Despite the trial acquittal, city police continued to seize films from the Balboa Pussycat: officials confiscated reels of When a Woman Calls and Sex Ray Machine during a raid in November 1975, allegedly because they contained homosexual content. On December 18, 1975, an arsonist attempted to burn down the Balboa Theater. The fire was extinguished quickly and the building only received minor damage.

In November 1976, the parent company of Pussycat Theaters decided to retain ownership of the Balboa but cease the screening of adult films. The organization selected Great Western Theaters to operate the venue and show mainstream cinema. In 1979, Landmark Theatres acquired the lease on the Balboa. The operator featured showtimes for cult classic films until 1985 when it switched arthouse and foreign film programming. On December 1, 1991, the Balboa Theater permanently closed following the expiration of Landmark's lease.

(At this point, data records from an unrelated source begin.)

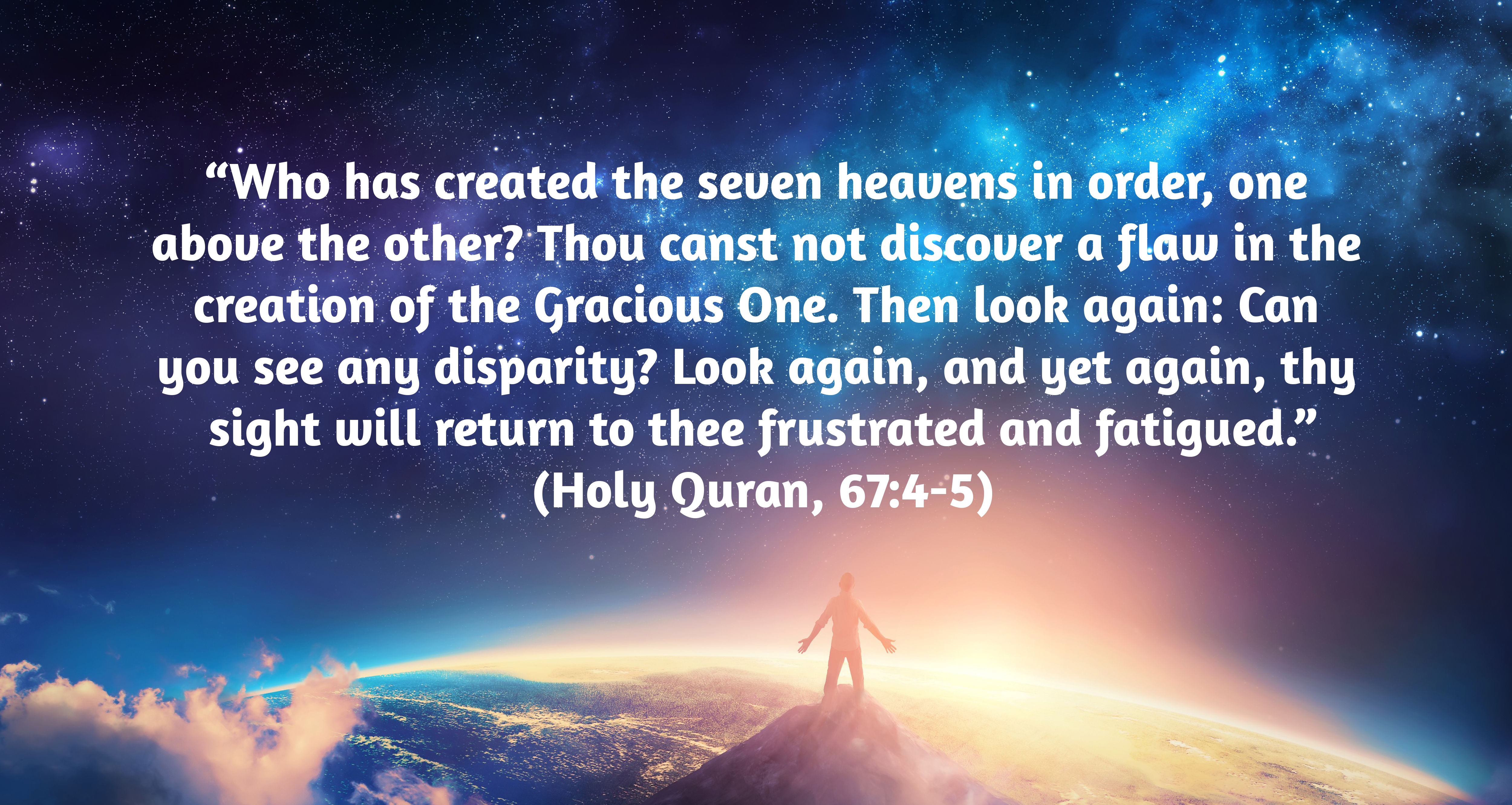 Alla jgħid fil-Koran Imqaddes dwar il-ħolqien u jgħid li: “Alla ħalaq seba’ smewwiet f’ordni, fuq xulxin. Ma tistax tara ebda nuqqas jew difett fil-ħolqien ta’ Alla, il-Ħanin. U erġa’ ħares! Tara xi difett jew disparità? Imbagħad erġa’ ħares għal darb’oħra! Il-ħars tiegħek se jerġa’ lura lejk umli, imħawwad u għajjien (wara li ma sab ebda nuqqasijiet fil-ħolqien).” (67:4-5)
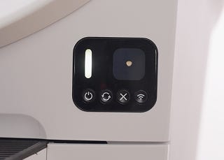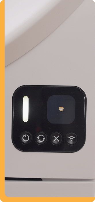 You'll find the control panel and LCD display screen on the right side of the base. The control panel also has an LED indicator light that accompanies specific states shown on the display screen.
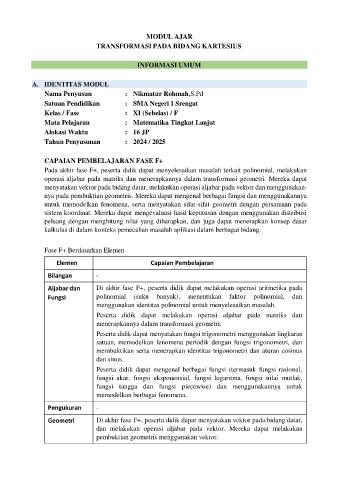 Geometri Di akhir fase F+, peserta didik dapat menyatakan vektor pada bidang datar,
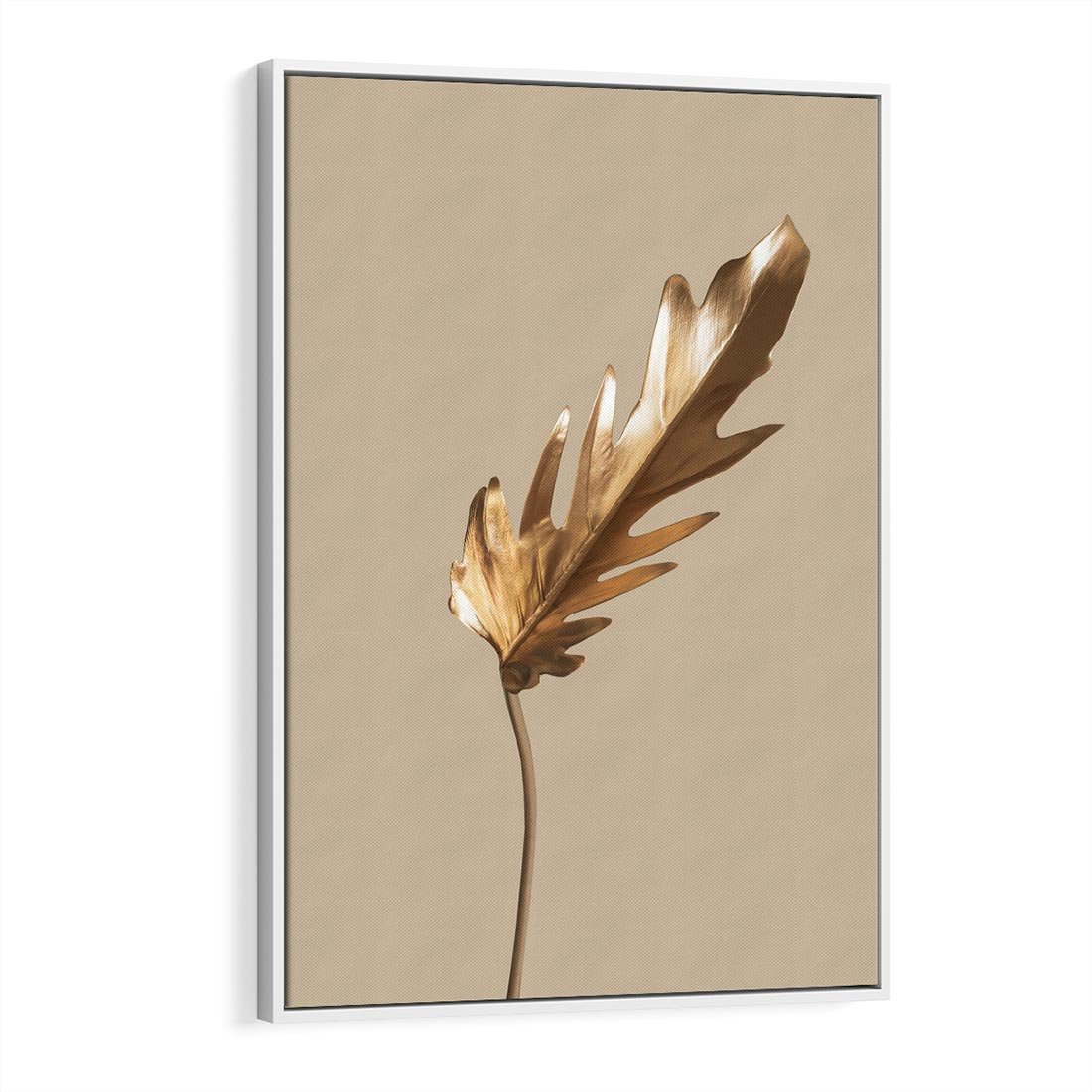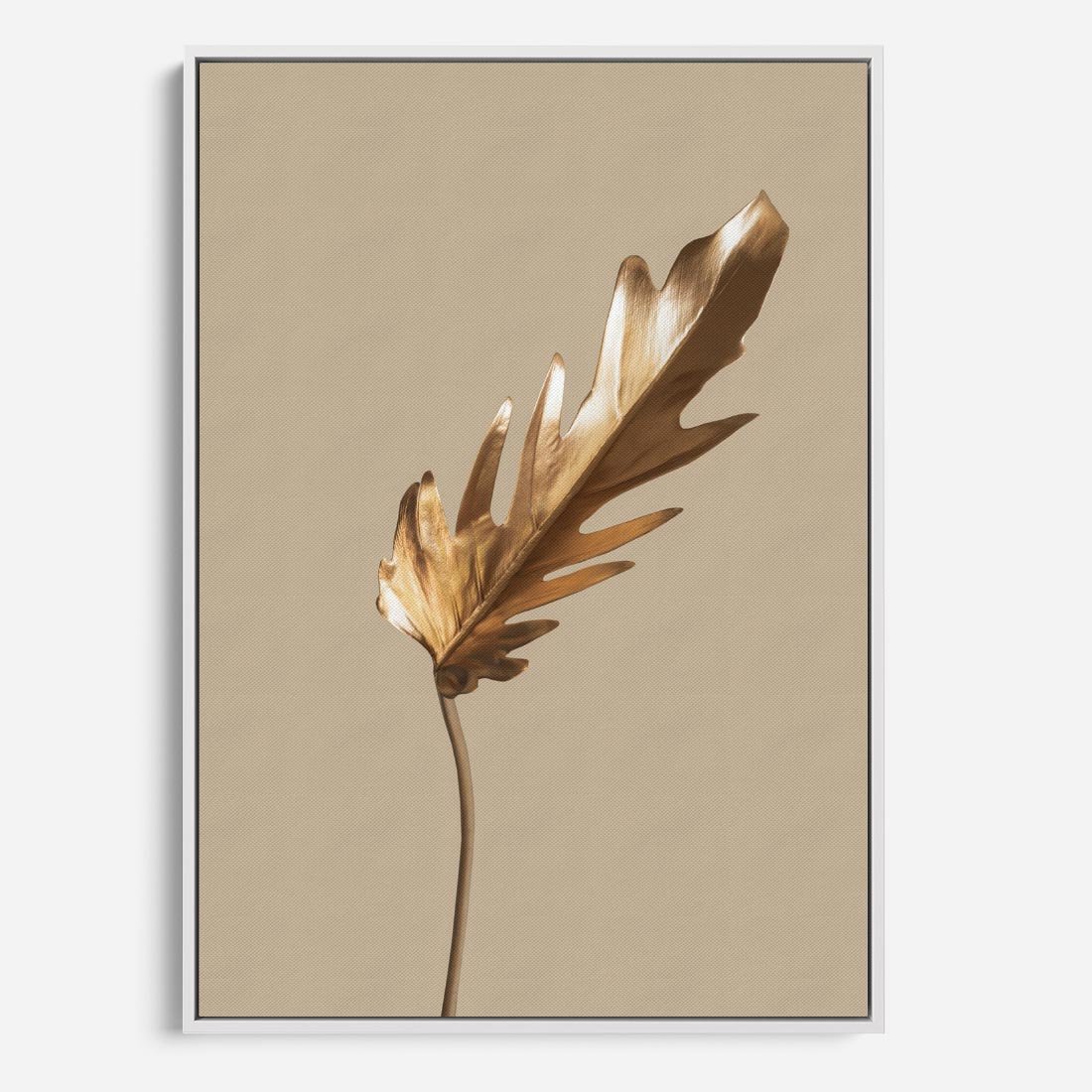 Obraz w ramie 70x100 - Piękno w Detalu - złoty, liść - rama biała

Attempts to reopen the Balboa began not long after its 1991 closure. In 1998, the city of Newport Beach acquired the property for about and rented it to Balboa Performing Arts Theater Foundation, a nonprofit tasked with the building's renovation, for $1 per year. The renovation would require the installation of a new interior as the original was gutted amidst the closure. In 2015, the city contemplated selling the property after a proposed $5.8 million renovation plan was deemed too expensive. In April 2016, the Newport city council voted unanimously to sell the property to LAB Holding, the developer of the LAB Anti-Mall in Costa Mesa and the Anaheim Packing House food court. LAB Holding proprietor Shaheen Sadeghi announced plans to redevelop the Balboa Theater building as a music venue. In 2018, the plans were postponed.

==The Rocky Horror Picture Show==
Beginning in 1978, the Balboa Theater hosted seven-day-a-week midnight showings of The Rocky Horror Picture Show, continuing the tradition until the venue's closure in 1991. The Balboa hence became a hotspot for the film's cult following, typically drawing hundreds of fans and forming a line down the street to get in. Rocky Horror fans attending showtimes at the Balboa often attended dressed in costume, would recite dialogue from the film, and threw food at the screen during "appropriate moments". Upon the Balboa's closure, Landmark Theatres relocated the midnight showings of the film to its venue in Corona del Mar.